Memory of flavours

Seems like busy times in the H household right now. Pleasantly busy. We’ve sat here most of the day attending to different bits and pieces of business: answering emails, making calls, preparing quotes, paying bills, doing some reading for the job, and so on. In typically Melbourne fashion the weather outside went from bright sunshine to overcast with driving hail, then sunshine again. Once more the rain came, and now, just about G&T time, the sun is out again bright in a blue sky.
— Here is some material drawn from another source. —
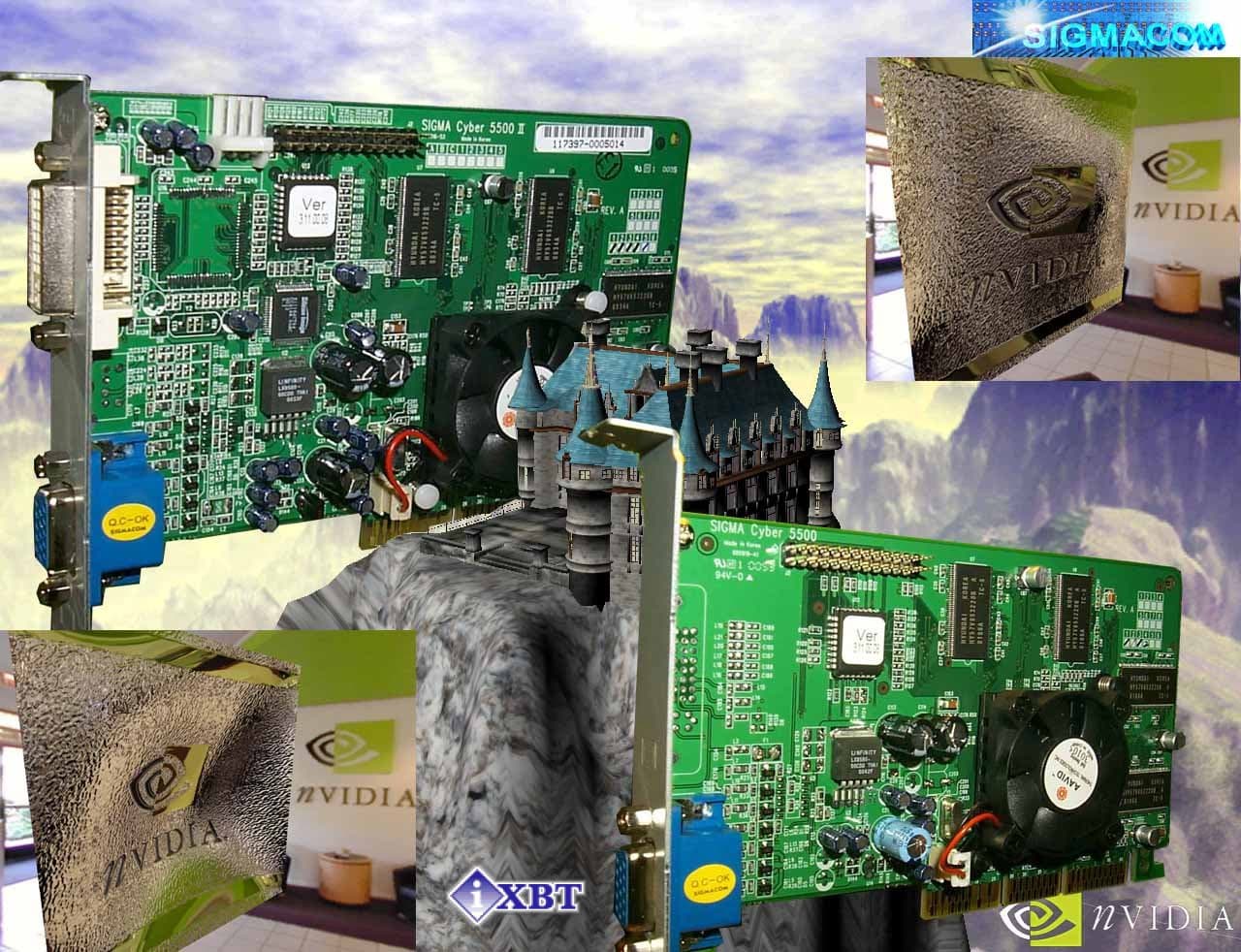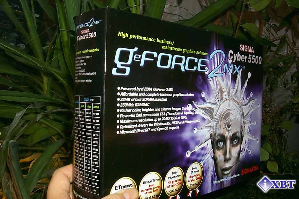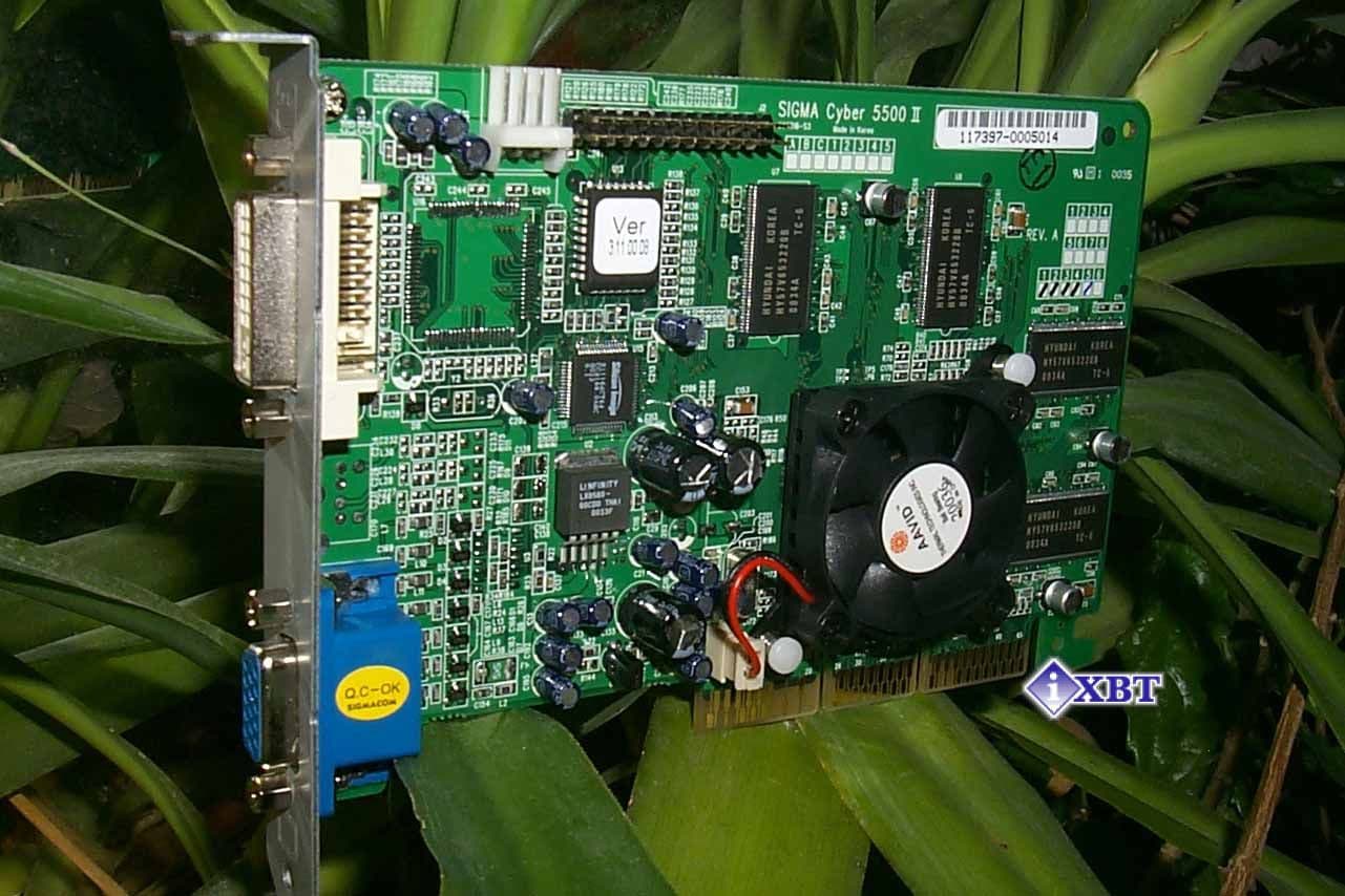 Карты SIGMA Cyber5500 и Cyber5500DVI базируются на NVIDIA GeForce2 MX процессоре, имеют AGP x2/x4 интерфейс, 32 Мб SDR SDRAM памяти, размещенной в 4-х микросхемах на лицевой стороне PCB.

For the moment music plays in the background, an eclectic mix, Sufjan Stevens followed by Nina Simone, and somewhere in there Glenn Gould too. There seems things to do, at least things to think about. I look about me. Rigby catches my eye, wags his tail. “Later mate,” I murmur to him. I look beyond him to the house, the house that will soon be somebody else’s, and all the stuff in it, mum’s stuff, the stuff some of which will be handed out to various beneficiiaries, and the rest to be disposed of one way or another. That’ll be my job.

It will be melancholy, but for now I don’t feel it. It’s a job to be done, a job my mind is already ticking over to organise. I see beyond it, to another time, my time, somewhere else.

Still, a little while ago there was poignant pang. Mum has left her recipe books to my (now) evil step-sister. That’s a matter of little concern, but for the recipes that mum had collected over the years and had either pasted or hand copied into a notebook. Growing up I remember mum having two notebooks, the ‘wallpaper books’ we called them because they were clad in a wash and wipe, very garish, wallpaper.

In those books was the food that we had again and again from the time I was a boy until I was an adult. I sat at the kitchen bench in Lower Plenty eating those recipes, and later, in Eltham and Montmorency, in Templestowe, Toorak and Canterbury. Food is a such a resonant element in life, not just for what it provides but what it stirs up. We eat, we share, with family and friends, an experience that is as much about fellowship and community as it is about sustenance. It’s hard then to look upon recipes like this without memories being evoked.

The wallpaper books have long since fallen apart, and the pages from it pasted and taped into newer versions of those books. In the kitchen earlier I looked up at the shelf of recipe books. I’ll have to pack them up for the step-sister I thought. Then I thought, I can’t lose those recipes. From the shelf I picked out the thick notebook mum had copied the recipes into. I browsed through it, recalling recipes from long ago, reminded of mum by her elegant script, so familiar, and occasionally of her personality by the notes she wrote in the margins – ‘this is delicious’ or ‘yum, yum.’ There were recipes from my aunt – it was she who gave mum the wallpaper books – including the famous monkey gland steak recipe. She too is dead.

I found as I read so many favourite recipes that I could hardly think back without getting sentimental – or feeling hungry. I ripped a sheet of paper from a nearby newspaper, and as I went through the book placed a strip in each page there was a recipe I wanted. I would lose mum’s words, her writing, the memories that went directly with that, but at least I could copy out these favourite recipes for posterity – mum’s potato and leek soup say, many bowls of which I enjoyed on cold winter days over many years; or steak and pineapple, such a retro seeming dish now, but delicious; and her vanilla slices, famous for miles about with their passionfruit icing; and so on.

Funny, a Simon and Garfunkel song came on as I looked through the recipes, ‘preserve your memories’ they sang, ‘they’re all that’s left you’.